A 13g bullet traveling 330 m/s penetrates a 2.0 kg Block of wood and emerges going 270 m/s . If the block is stationary on a frictionless surface when hit how fast does it move after the bullet emerges?
momentum before = momentum after
momentum before = .013 * 330
momentum after = .013 * 270 + 2 v
so
2 v = .013 (330 - 270)
it was a gi Jane joke
thank you
To determine how fast the block moves after the bullet emerges, we need to apply the law of conservation of momentum. According to this law, the total momentum before and after the collision should remain constant.
The momentum of an object is calculated by multiplying its mass by its velocity. Let's define the variables:
m₁ = mass of the bullet = 13g = 0.013 kg (converted to kg)
v₁ = velocity of the bullet before collision = 330 m/s
m₂ = mass of the block of wood = 2.0 kg
v₂ = velocity of the block of wood before collision = 0 m/s (since it is stationary)
v₃ = velocity of the block of wood after collision (what we need to calculate)
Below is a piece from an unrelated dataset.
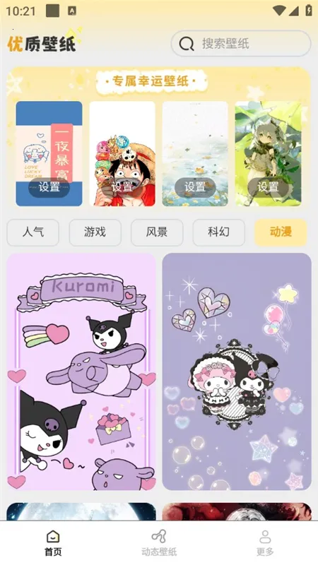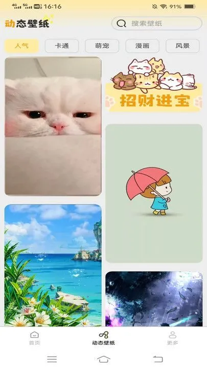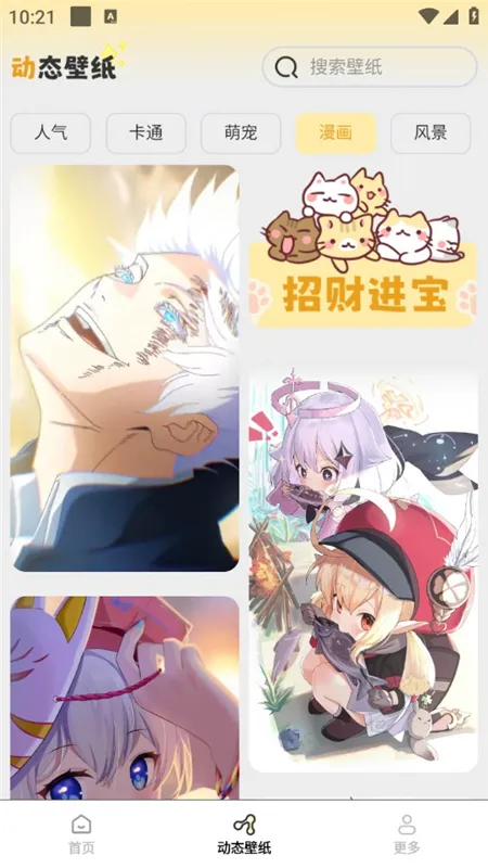 1、分类明确:壁纸分类清晰,设有艺术插画、动漫二次元、自然风光等专区,涵盖静态与动态类型,满足不同用户审美需求。
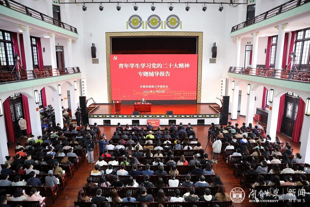 11月20日上午,青年学生学习党的二十大精神专题辅导报告会在南校区大礼堂举行,党的二十大代表、校党委书记邓卫作专题辅导报告。副校长汪卫斌主持。500名青年学生代表现场聆听。

Using the conservation of momentum equation:
(m₁ * v₁) + (m₂ * v₂) = (m₁ * v₁') + (m₂ * v₂')
where v₁' is the velocity of the bullet after the collision.
Substituting the given values:
(0.013 kg * 330 m/s) + (2.0 kg * 0 m/s) = (0.013 kg * v₁') + (2.0 kg * v₂')
0.013 kg * 330 m/s = 0.013 kg * v₁' + 2.0 kg * v₂'
Now, we need to solve for v₁'. Rearranging the equation:
0.013 kg * 330 m/s - 2.0 kg * v₂' = 0.013 kg * v₁'
Divide both sides of the equation by 0.013 kg:
330 m/s - 153.85 kg/s * v₂' = v₁'
Now, substitute the given value v₂' = 270 m/s:
330 m/s - 153.85 kg/s * 270 m/s = v₁'
Now, solve for v₁':
v₁' = 330 m/s - 270 m/s * 153.85 kg/s
v₁' ≈ 330 m/s - 41,500.5 kg·m/s
v₁' ≈ 330 m/s - 41.5 m/s
v₁' ≈ 288.5 m/s
Therefore, the block of wood moves at approximately 288.5 m/s after the bullet emerges.